Exercise aim:
Pull each line containing "area" out of the listing below.
□ □ □ □ □ □ □
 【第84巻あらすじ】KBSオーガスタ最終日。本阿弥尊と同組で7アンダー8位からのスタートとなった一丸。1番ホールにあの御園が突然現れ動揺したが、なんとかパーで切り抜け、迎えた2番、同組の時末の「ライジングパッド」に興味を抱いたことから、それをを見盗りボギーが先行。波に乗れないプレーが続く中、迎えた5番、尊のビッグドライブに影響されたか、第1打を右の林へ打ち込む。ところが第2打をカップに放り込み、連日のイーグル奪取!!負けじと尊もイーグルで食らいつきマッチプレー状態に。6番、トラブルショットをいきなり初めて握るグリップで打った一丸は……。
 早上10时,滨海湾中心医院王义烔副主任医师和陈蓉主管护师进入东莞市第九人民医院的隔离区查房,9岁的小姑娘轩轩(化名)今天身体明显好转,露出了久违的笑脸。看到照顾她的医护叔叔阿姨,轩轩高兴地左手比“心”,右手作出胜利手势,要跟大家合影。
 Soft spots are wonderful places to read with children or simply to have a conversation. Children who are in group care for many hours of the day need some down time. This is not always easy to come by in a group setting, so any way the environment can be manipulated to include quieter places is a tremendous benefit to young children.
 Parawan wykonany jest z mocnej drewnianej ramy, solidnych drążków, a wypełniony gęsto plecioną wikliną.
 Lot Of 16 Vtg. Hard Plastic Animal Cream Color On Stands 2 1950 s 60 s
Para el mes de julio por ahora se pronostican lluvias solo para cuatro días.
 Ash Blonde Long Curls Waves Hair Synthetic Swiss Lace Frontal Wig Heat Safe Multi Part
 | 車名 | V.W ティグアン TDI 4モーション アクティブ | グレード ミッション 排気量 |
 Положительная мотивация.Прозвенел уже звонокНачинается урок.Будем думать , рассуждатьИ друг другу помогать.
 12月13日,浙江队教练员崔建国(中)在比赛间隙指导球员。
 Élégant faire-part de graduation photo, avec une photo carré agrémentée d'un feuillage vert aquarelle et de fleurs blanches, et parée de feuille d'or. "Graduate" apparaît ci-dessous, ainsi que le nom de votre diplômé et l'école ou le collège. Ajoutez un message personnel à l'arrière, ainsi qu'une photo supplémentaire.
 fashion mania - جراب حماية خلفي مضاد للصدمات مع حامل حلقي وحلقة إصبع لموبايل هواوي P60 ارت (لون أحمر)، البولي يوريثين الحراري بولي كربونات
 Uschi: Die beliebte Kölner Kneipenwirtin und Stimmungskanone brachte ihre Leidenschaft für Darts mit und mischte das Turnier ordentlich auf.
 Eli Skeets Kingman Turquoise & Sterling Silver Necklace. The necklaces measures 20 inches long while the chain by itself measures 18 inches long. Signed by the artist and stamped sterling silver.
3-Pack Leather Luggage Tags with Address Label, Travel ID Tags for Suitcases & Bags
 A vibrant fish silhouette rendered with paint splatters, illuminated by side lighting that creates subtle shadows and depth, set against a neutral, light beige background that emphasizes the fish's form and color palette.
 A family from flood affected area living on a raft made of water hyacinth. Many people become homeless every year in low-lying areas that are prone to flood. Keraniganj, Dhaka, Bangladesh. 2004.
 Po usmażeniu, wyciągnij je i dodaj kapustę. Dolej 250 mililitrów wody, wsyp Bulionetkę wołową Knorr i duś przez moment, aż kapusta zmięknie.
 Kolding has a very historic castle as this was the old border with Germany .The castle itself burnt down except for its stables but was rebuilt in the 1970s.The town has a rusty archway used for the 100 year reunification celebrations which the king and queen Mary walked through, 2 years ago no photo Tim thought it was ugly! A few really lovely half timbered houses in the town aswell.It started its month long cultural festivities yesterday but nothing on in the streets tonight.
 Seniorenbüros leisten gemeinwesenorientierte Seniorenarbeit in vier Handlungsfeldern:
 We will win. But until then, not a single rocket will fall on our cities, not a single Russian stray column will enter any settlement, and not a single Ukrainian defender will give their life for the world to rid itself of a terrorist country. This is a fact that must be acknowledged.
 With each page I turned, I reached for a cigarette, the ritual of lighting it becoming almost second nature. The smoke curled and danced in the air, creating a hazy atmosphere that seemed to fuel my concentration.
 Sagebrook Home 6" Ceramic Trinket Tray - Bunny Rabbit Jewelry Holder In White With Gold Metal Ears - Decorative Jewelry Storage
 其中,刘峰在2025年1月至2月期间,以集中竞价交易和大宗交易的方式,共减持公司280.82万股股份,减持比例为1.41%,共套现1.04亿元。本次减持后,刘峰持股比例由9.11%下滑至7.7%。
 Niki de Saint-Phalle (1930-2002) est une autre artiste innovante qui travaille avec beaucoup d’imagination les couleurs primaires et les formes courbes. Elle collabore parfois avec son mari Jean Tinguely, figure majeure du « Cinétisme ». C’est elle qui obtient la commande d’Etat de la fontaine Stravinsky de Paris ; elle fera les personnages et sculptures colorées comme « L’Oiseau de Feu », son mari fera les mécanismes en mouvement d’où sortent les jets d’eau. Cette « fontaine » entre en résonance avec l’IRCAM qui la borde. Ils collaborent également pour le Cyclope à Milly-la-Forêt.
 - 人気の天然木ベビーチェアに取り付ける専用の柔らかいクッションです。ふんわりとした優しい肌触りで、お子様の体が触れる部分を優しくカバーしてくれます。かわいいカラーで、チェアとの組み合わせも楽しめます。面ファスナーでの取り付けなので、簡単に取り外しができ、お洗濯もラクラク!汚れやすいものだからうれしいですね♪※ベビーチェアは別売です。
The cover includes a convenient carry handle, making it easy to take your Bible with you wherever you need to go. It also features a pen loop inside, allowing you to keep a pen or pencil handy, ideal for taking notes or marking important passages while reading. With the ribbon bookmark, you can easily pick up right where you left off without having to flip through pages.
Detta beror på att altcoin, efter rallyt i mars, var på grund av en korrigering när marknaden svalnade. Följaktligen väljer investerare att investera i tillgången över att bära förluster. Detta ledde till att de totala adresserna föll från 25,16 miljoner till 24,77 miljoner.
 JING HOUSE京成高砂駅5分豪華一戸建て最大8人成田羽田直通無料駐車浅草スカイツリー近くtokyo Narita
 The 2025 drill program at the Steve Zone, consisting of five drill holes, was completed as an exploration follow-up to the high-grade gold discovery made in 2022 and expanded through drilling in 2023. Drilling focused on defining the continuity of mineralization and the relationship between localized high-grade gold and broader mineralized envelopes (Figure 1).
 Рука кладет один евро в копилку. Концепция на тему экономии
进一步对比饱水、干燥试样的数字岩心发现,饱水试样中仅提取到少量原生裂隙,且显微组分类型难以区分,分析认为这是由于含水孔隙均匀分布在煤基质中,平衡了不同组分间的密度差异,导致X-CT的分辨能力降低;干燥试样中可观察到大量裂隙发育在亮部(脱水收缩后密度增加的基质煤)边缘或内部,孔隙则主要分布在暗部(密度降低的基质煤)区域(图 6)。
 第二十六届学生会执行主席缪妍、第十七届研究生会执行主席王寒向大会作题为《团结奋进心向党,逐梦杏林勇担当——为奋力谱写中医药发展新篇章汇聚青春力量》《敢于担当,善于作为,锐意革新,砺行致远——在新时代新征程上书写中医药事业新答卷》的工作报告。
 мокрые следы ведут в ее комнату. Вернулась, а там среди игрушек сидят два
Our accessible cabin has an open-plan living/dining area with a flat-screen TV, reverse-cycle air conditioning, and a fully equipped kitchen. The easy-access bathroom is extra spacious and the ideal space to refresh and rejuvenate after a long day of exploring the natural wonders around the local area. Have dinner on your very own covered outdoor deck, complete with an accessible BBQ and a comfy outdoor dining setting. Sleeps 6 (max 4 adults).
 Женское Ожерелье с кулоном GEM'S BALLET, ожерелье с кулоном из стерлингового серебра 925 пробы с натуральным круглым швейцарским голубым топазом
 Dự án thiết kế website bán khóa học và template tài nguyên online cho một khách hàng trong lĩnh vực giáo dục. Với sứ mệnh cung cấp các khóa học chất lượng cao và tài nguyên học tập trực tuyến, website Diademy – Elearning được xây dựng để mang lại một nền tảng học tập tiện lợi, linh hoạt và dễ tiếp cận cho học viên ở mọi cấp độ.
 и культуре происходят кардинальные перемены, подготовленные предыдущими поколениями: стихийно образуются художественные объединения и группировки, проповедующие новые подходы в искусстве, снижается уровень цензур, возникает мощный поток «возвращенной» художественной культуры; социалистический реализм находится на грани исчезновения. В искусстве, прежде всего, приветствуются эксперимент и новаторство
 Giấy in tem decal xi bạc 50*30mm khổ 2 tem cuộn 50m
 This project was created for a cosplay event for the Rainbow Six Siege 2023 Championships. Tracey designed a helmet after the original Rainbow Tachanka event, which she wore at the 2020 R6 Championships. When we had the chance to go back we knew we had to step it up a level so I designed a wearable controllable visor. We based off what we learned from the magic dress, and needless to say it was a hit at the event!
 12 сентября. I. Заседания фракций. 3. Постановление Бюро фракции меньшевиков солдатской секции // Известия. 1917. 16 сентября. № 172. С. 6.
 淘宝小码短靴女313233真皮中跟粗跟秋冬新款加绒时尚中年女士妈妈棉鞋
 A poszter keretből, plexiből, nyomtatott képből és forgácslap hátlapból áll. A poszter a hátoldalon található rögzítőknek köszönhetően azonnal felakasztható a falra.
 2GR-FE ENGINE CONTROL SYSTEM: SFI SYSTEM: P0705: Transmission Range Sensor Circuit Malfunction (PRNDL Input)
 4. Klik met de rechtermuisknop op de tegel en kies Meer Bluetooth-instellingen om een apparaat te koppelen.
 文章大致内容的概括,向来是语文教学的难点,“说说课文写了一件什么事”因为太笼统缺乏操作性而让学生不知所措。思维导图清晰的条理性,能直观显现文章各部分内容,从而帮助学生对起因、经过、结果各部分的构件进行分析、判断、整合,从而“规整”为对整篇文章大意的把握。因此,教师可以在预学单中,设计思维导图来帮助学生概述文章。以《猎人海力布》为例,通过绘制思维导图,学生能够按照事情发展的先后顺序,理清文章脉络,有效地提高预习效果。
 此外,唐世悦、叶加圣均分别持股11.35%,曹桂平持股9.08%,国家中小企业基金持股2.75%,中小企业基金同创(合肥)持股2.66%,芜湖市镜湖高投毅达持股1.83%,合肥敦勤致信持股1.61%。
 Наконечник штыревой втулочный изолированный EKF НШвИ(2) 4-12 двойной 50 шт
□ □ □ □ □ □ □
Task result:
 A family from flood affected area living on a raft made of water hyacinth. Many people become homeless every year in low-lying areas that are prone to flood. Keraniganj, Dhaka, Bangladesh. 2004.
Our accessible cabin has an open-plan living/dining area with a flat-screen TV, reverse-cycle air conditioning, and a fully equipped kitchen. The easy-access bathroom is extra spacious and the ideal space to refresh and rejuvenate after a long day of exploring the natural wonders around the local area. Have dinner on your very own covered outdoor deck, complete with an accessible BBQ and a comfy outdoor dining setting. Sleeps 6 (max 4 adults).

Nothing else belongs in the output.